Censored: CyBC pulls the plug on raunchy scenes

By Andrew Adamides

CYBC ANNOYED viewers with a spot of on-the-job censoring on Friday night, when they abruptly stopped showing the film Body Language half way through and replaced it with an old Greek comedy – apparently because the film was too sexy.

The 1995 TV movie began as scheduled at 9pm on CyBC1. Just under an hour later, there was an advertising break, followed by trailers for upcoming programmes. Then the Greek film, an innocuous late sixties comedy, began and Body Language was conveniently forgotten.

Body Language is an erotic potboiler which stars Tom Berenger as a married lawyer who begins an obsessive sexual relationship with stripper Heidi Seinz.
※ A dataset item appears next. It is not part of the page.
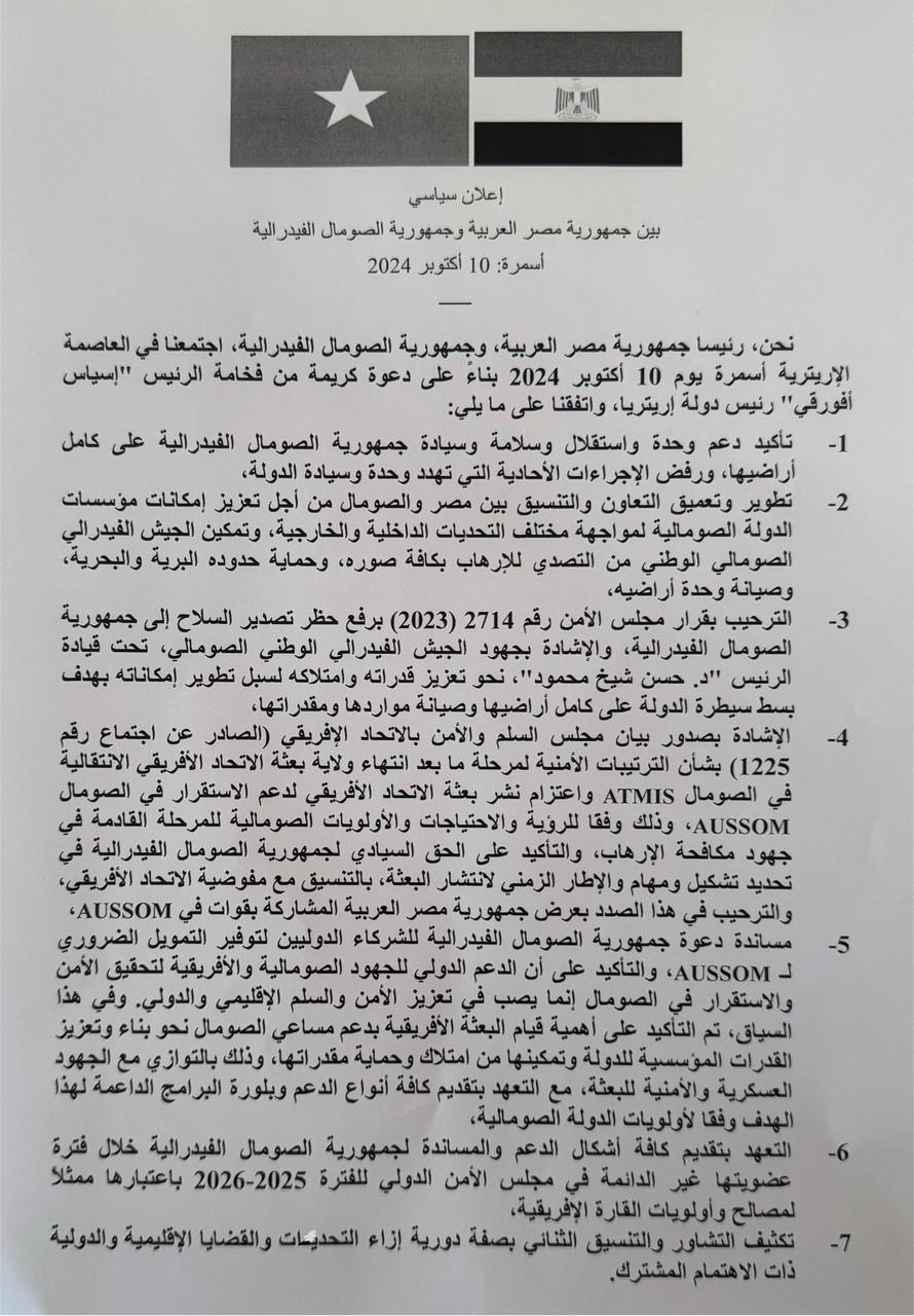 وأصدرت والصومال إعلانًا سياسيا مشتركا، حيث جاء البيان كالتالي: نحن رئيسا جمهورية مصر العربية، وجمهورية الصومال الفيدرالية، اجتمعنا في العاصمة الإريترية أسمرة يوم 10 أكتوبر 2024 بناء على دعوة كريمة من الرئيس "إسياس أفورقي" رئيس دولة إريتريا، واتفقنا على ما يلي:

But Seinz is married to a crook, and when he finds out that Berenger is her lover, and is defending a man accused of murder, he starts blackmailing him.

The film’s hotter moments include a bedroom scene featuring Berenger and screen wife Nancy Travis, after which Travis cavorts topless in their kitchen. Another steamy sequence occurs when Berenger goes to watch Seinz’ act at a strip club. Coming on in a sailor suit, she does an on-screen striptease and he stuffs money into her underwear. The two then have an abortive romp in Seinz’ dressing room, cut short by the arrival of her husband.
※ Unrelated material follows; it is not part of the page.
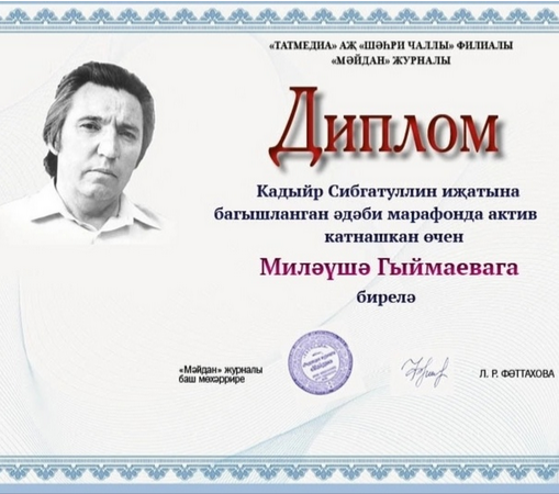 Әдәби марафонда актив катнашкан өчен Миләүшә Гимаевага диплом бирелә.

Then they… you get the picture. Or rather, you don’t, because CyBC decides you shouldn’t be watching such smut.

Body Language was originally made for an American cable network, which allows far more explicit scenes than any terrestrial channel.

No-one at CyBC was available for comment yesterday, and it is not known if it received complaints from viewers about the film’s raunchiness.

But Greek press reports yesterday said that members of the public had tried to contact CyBC to complain about Body Language being cut short, but there was no-one at CyBC answering the phones.

One angry viewer told The Sunday Mail yesterday: “I thought I was going mad. I switched channels for a minute, and when I came back to CyBC1, I thought the Greek film was another trailer. But then there were the credits, and it just didn’t stop.”

“You can’t just cut a film with no warning in the middle and pretend nothing has happened. It spoils the night of many thousands of viewers. And if you think a film is fit to be shown after 9pm, then why not have the courage to show it in its entirety?”

The viewer also pointed out that the film “wasn’t actually pornographic” and added that “given the plot, that he’s going out with a stripper, it’s a bit hard not to show anything.”